A total of 78 marine organisms were collected, of which the majority (65.4%) were marine algae. Among these, red algae were the most prevalent, representing 56.9% of all algae and 37.2% of the total specimens. Marine sponges comprised the remaining 34.6% of the samples. Disk diffusion assays were performed on both aqueous and organic extracts, with 10 aqueous extracts (12.8%) and 23 organic extracts (29.5%) exhibiting antibacterial activity against at least one tested bacterial strain (Tables S4 and S5).
Among the aqueous extracts, 37% of sponge-derived samples showed antibacterial activity, while none of the algal aqueous extracts were active. In contrast, organic extracts displayed higher antibacterial potential, with 48.1% of sponge and 19.6% of algal extracts showing inhibitory effects. Activity against the Gram-negative bacterium Escherichia coli was observed in 10.2% of the tested species. In comparison, Gram-positive strains were more frequently inhibited, with 24.4% of extracts effective against Staphylococcus aureus and 23.1% against Staphylococcus epidermidis.
Among the aqueous extracts, the most pronounced inhibition zones were observed in the extract from Pseudosuberites sp., with diameters of 15.00 ± 1.00 mm (E. coli), 19.33 ± 2.31 mm (S. aureus), and 14.67 ± 2.31 mm (S. epidermidis) (Figure 1). Six sponge extracts—Amphimedon compressa, Aplysina fistularis, Aplysina fulva, Aplysina lactuca, Mycale sp., and Pseudosuberites sp.—were active against all three bacterial strains, representing 60% of the active aqueous samples. In contrast, Agelas sventres displayed the lowest activity, inhibiting only S. aureus (9.00 ± 1.00 mm). Tedania ignis and Topsentia ophiraphidites showed no activity against E. coli. Examples of inhibition halos from aqueous extracts are shown in Figure 2.

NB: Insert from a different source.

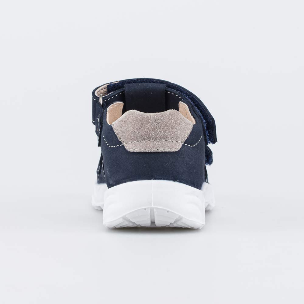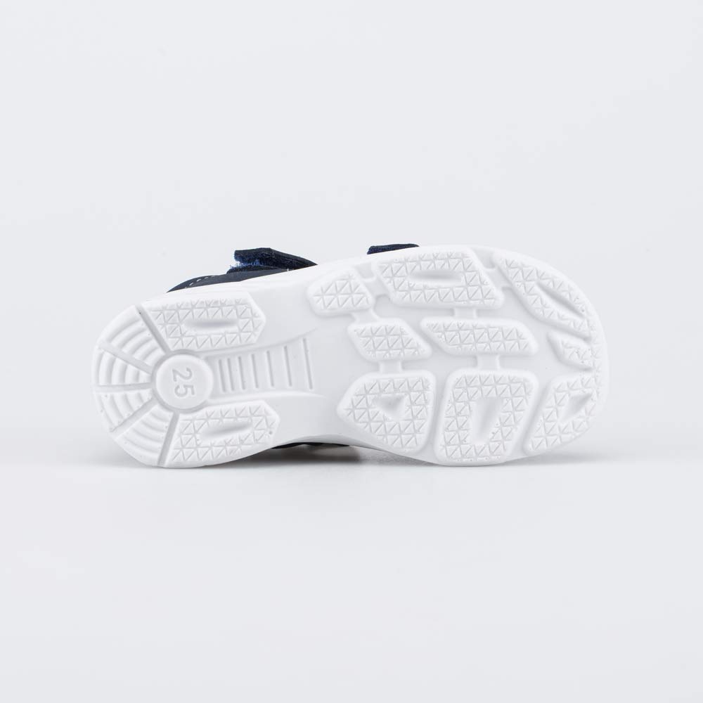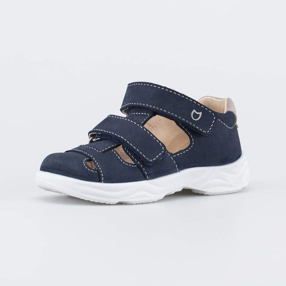 Верх темно-синих сандалий выполнен из гипоаллергенной и дышащей натуральной кожи-нубука. Подкладка и съемная стелька изготовлены из светлой натуральной кожи – не придется переживать, что детская обувь окрасит носочки или колготки.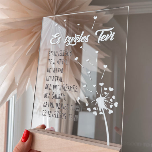 ORGANISKĀ STIKLA DEKORS "ES ATRADU TEVI..."€32,90 EUR/€30,00 EUR€32,90 EUR

The genus Aplysina showed the highest number of positive results in both extraction types, with inhibition zones ranging from 8.33 ± 0.58 to 23.00 ± 2.00 mm and consistent activity against all of the tested bacterial strains (Figure 1 and Figure 3). Other sponges, such as Mycale sp. and Topsentia ophiraphidites, also exhibited notable activity, particularly in organic extracts. Four sponge species—Aiolochroia crassa, Aplysina cauliformes, Erylus formosus, and Ircinia felix—that were inactive in aqueous extractions showed activity in their organic counterparts. Conversely, only Tedania ignis lost activity upon organic extraction, while the other nine species maintained or increased their antibacterial performance.
None of the aqueous algal extracts exhibited antibacterial activity. However, 19.6% of organic algal extracts were effective, primarily against Staphylococcus strains, with inhibition zones ranging from 8.00 ± 0.00 to 12.00 ± 1.00 mm (Figure 3). A notable exception was Amansia multifida, which produced a prominent inhibition zone of 24.00 ± 4.00 mm against S. aureus. Only two algal species—Dictyota mertensii and Gracilariopsis sp.—exhibited activity against both Staphylococcus strains, with inhibition zones ranging from 8.00 ± 0.00 to 9.33 ± 0.58 mm.
Organic extracts from Amansia multifida (24.00 ± 4.00 mm), Dictyota dichotoma (8.00 ± 0.00 mm), Sargassum vulgare (11.00 ± 2.00 mm), and Valonia aegagropila (12.00 ± 1.00 mm) were active exclusively against S. aureus. In contrast, extracts from Corallina panizzoi (9.00 ± 0.00 mm), Cryptonemia crenulata (10.00 ± 0.00 mm), Gracilaria ramosissima (8.67 ± 0.58 mm), and Laurencia sp. (9.00 ± 0.00 mm) were active only against S. epidermidis. Among the macroalgae, 42.8% of brown algae exhibited antibacterial activity, followed by 20.7% of red algae and only 6% of green algae.
Among the sponge-derived organic extracts, the strongest inhibition zones were observed in Aplysina fulva (23.00 ± 2.00 mm) and Mycale sp. (22.67 ± 4.16 mm) against S. aureus. Activity against E. coli was observed in extracts from Amphimedon compressa and Amphimedon viridis, species of the genus Aplysina, Mycale sp., and Pseudosuberites sp., with inhibition zones ranging from 9.00 ± 1.00 to 17.67 ± 0.58 mm. Five sponge extracts (Amphimedon compressa, Amphimedon viridis, Aplysina fulva, Aplysina lactuca, and Mycale sp.) inhibited all three bacterial strains, accounting for 21.7% of the active organic extracts and 38.5% of the sponge samples tested. Representative results from these assays are shown in Figure 4.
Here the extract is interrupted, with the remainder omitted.